In my opinion, the finer points of SIT confidence levels are easy to miss because understanding them requires close inspection of available documentation and even programmatic access to classifier definitions.

The fundamentals

Content evaluated against a sensitive information type is assigned a confidence level for a match against that SIT based on a number of factors that are unique for each classifier.

There are typically three confidence levels available for each feature (for ex. Data Loss Prevention, Auto-Labeling) that uses SIT matches as a condition: Low, Medium or High.

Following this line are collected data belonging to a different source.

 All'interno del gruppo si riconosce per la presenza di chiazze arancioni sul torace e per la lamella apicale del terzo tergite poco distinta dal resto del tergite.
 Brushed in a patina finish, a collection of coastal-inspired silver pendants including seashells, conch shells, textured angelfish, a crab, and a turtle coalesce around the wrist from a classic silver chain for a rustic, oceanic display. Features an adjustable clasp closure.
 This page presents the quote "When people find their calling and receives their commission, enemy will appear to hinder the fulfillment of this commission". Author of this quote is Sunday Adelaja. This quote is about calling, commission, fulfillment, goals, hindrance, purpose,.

This binning simplifies usage but also obfuscates the true numerical granular scoring scale under the hood, which runs from 0 to 100. Let’s call this granular scale the confidence score – it’s not an official name, as the numerical scale is also referred to as the confidence level when looking at classifier results, but it helps us differentiate the two concepts.

Based on their confidence score, matches to Purview classifiers are typically assigned to confidence levels as follows:

0 to 64: No match

65 to 74: Low

75 to 84: Medium

85 to 100: High

The key thing to understand here is that different SITs leverage confidence level binning in very different ways. If you don’t understand how the specific SITs you use assign confidence levels, you will potentially misuse them in DLP rules and other controls.

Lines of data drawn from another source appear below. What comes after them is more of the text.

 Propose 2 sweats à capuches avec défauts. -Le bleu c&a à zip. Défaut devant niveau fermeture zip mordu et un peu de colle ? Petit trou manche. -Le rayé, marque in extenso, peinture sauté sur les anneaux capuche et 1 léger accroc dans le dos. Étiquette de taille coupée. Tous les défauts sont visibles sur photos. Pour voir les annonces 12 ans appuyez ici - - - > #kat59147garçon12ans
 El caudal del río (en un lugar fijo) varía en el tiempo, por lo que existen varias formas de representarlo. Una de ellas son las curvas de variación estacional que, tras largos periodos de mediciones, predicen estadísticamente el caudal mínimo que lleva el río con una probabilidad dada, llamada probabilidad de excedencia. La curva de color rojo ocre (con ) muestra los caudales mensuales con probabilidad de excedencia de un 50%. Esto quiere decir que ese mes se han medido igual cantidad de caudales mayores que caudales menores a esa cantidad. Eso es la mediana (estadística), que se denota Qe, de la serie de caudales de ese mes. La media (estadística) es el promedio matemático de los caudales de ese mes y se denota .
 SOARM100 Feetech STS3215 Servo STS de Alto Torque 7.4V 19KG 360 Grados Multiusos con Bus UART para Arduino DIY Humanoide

In short, a High confidence match isn’t always what you want – while sometimes it’s the only viable option to avoid an unbearable percentage of false positives. A few pointers:

  • SITs often have pre-defined criteria for only one or two confidence levels – for ex. only High and Medium.
  • There is variance between SITs in what is required to obtain a match with a confidence score high enough for each confidence level – although there are some commonalities as well.
  • Combined SITs (for example IP address) can have looser criteria required to reach high confidence levels compared to the individual SITs they are comprised of – in this case, IP address V4 & IP address V6).

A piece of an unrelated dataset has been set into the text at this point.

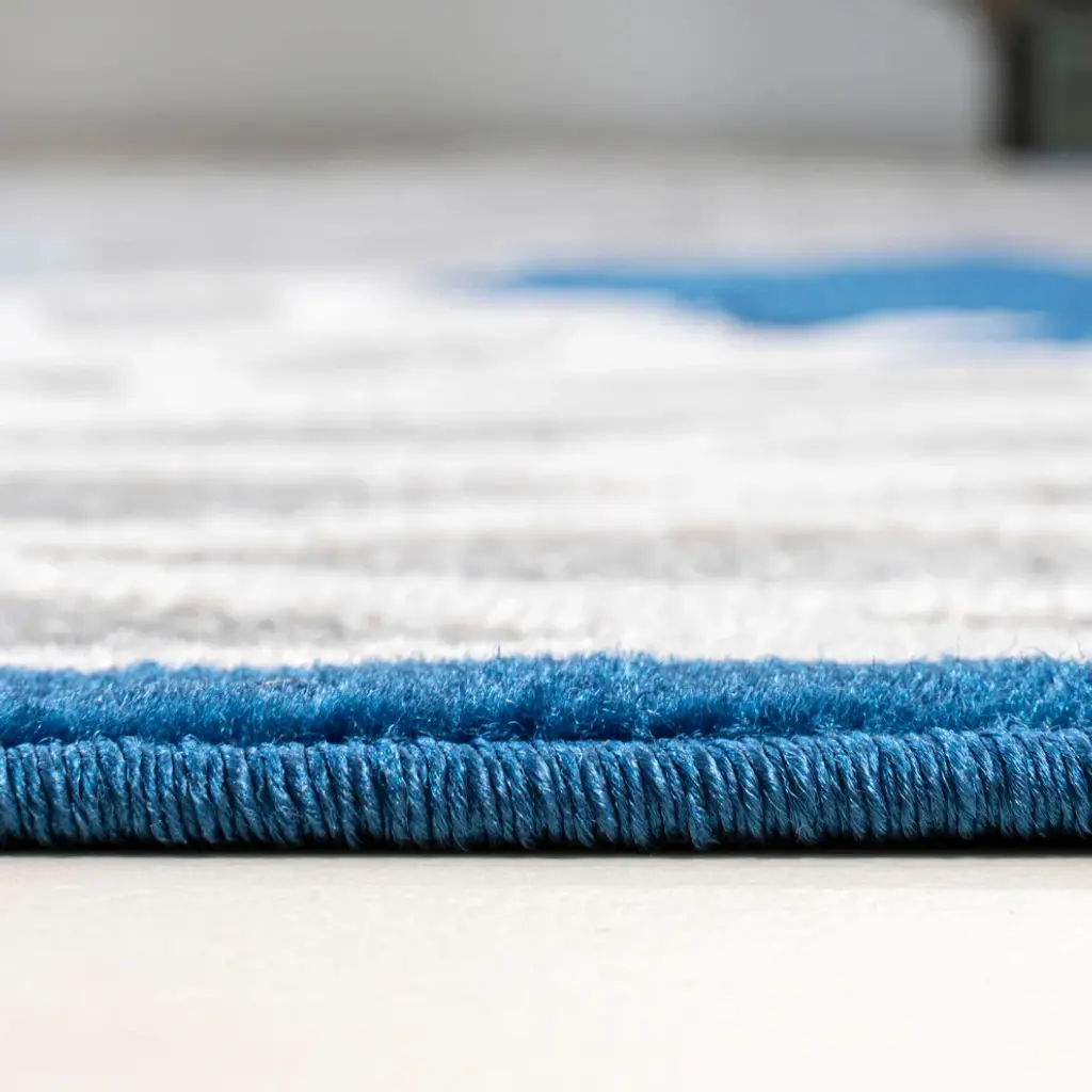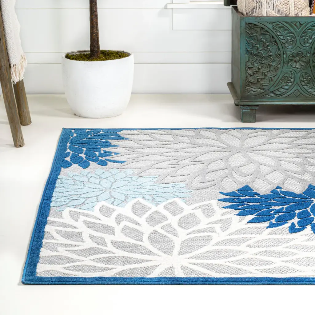 With its splashy, modern floral pattern in blue and aqua, this indoor-outdoor rug has a fresh look that''s ideal for a family room, dining room, bedroom, or kids'' rooms. Soft, durable synthetic fibers are an easy maintenance solution for homes with kids and pets. Choose from several colorways and add a splash of style to your porch or patio. Features:• Power loomed with a 0.2" pile that''s soft and durable• Woven with shades of blue, aqua and gray on an ivory ground• Made from easy-care polypropylene - just sweep, vacuum or hose down with mild soap and water• 100% 100% Polypropylene• No backing, use of rug pad is recommended (sold separately)• Power Loomed in Turkey• Actual Dimension: 4 ft. x 6 ft.• Color: Blue/Gray• Thickness measures: 0.2 in.• Available in multiple sizes and/or colorsRug Care:• Vacuum regularly and spot clean as needed; avoid direct and continuous exposure to sunlight; use brushless vacuum; remove spills immediately; if liquid, blot with clean, undyed cloth by pressing firmly around the spill to absorb as much as possible; for hard to remove stains, professional rug cleaning is recommended; store in a dry, well ventilated area and rotate for consistent wear• Packing and shipping may cause temporary creases in rugs, which will flatten out after a week on the floor; to expedite the process, try back-rolling your rug before laying it down, and then allow ample time for the remaining creases to relax• Please Note: Due to differences in monitors, some rug colors may vary slightly. Lengths and widths may vary from the published dimensions. Patterns may vary slightly according to shape and size selected.

To illustrate some of the discussed concepts, let’s look at the classifier for credit card numbers.

  • For a Medium confidence match by that SIT, content needs to contain the predefined pattern for credit card numbers and this content needs to pass the Luhn test.
  • For a High confidence match, an additional check also needs to be passed. The evaluated content (a file, email, Teams message etc.) needs to have one of the following within 300 characters of the valid credit card number:

A closer look at confidence levels

So, how can we get a grip on how confidence levels are determined for a sensitive information type we would like to use?

The first, most straightforward way is to access the documentation for the SIT you want to use in the SIT entity definition reference in Microsoft Learn. There, you’ll find a written descriptions of what each classifier looks for in terms of patterns and keywords. For some – but not all – classifiers, you’ll also find the confidence level definitions both in written and in XML format.

The XML-formatted exact definition is particularly interesting since it shows the exact numerical confidence scores and the associated criteria that the classifier adheres to. In it, you also have more key information like:

  • The pattern proximity value, or how far apart the primary pattern (for ex. valid credit card number) and supporting evidence like keywords (“cvn”, “cvv2”, “security code” etc.) can be from each other to produce a High confidence match.
  • The recommended confidence level from Microsoft. This is the confidence level offered for the SIT by default in contexts like the DLP rule editor. It might – or might not! – be optimal for your use case.

If it seems to you like the XML definition snippet hints at a more expansive root source for classifier definitions outside of Learn documentation, you are correct. That source is called a rule package.

Understanding rule packs

Classifier rule packages are one of those parts of Purview you might never come across if you build your data security solutions exclusively through the graphical user interface of the Purview portal.

Rule packs contains the technical definitions for almost everything related to sensitive information types. Let’s have a look at the largest of them, which holds 223 SITs.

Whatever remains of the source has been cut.